Amyotrophic lateral sclerosis (ALS) is a neurological disease characterized pathologically by degeneration of upper and lower motor neurons. The clinical course is inexorably aggressive in the vast majority of cases and results in death within 4–5 years from disease onset [21]. Approximately 90% of all ALS cases arise sporadically, and the cause of sporadic ALS (SALS) remains unknown. Etiological considerations have included acquired superoxide dismutase 1 (SOD1) abnormalities, glutamate toxicity, oxidative stress, mitochondrial dysfunction, neurofilament abnormalities, genetic factors, viral infections, paraneoplastic disease, and autoimmune phenomena [8, 17, 19, 20, 26, 29].

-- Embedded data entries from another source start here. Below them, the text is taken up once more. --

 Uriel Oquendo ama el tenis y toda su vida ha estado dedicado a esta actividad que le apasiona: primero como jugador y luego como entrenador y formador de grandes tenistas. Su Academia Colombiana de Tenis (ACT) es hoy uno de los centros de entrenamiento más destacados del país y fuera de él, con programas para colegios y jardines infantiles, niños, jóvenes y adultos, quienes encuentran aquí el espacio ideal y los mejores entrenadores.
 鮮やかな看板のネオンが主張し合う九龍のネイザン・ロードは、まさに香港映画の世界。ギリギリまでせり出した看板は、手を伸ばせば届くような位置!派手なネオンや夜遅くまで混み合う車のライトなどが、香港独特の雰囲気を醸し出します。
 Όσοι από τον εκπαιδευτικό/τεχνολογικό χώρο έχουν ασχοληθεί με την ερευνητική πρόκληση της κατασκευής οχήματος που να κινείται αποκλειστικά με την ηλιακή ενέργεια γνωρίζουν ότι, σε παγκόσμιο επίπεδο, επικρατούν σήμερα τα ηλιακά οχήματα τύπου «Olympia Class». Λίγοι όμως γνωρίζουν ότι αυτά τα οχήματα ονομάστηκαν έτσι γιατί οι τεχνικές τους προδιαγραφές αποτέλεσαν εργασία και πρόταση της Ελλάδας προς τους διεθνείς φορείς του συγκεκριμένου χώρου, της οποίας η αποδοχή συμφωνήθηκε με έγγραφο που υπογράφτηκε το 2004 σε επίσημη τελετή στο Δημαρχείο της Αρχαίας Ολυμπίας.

In the past, autoimmune mechanisms in ALS were considered important because 5–10% of ALS cases are associated with paraproteins [22, 25, 30]. Further, an immune model of the disease was developed by immunizing experimental animals with purified populations of spinal motor neurons [11]. However, the autoimmune hypothesis has not developed further, and immunosuppressive treatment has not had a therapeutic effect in patients with ALS [2, 4, 10].

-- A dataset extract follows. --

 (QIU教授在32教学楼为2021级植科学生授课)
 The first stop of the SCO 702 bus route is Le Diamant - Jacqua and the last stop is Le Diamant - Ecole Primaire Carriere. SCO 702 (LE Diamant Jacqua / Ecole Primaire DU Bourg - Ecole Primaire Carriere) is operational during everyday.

Monoclonal gammopathies if associated with neurological diseases may provide important information about putative neural antigens [24]. Investigation of monoclonal antibodies in human disease is important because the monoclonality implies antigenic specificity. In diseases other than ALS, previous investigation of monoclonal antibodies has led to the discovery of anti-MAG antibody-associated neuropathy [15] and to the diseases associated with anti-GM1 antibodies [23]. Also, the target of the monoclonal gammopathy may help identify a key neuronal receptor or protein that is critical for motor neuron integrity. Disruption of its structure or function by any mechanism may lead to motor neuron death.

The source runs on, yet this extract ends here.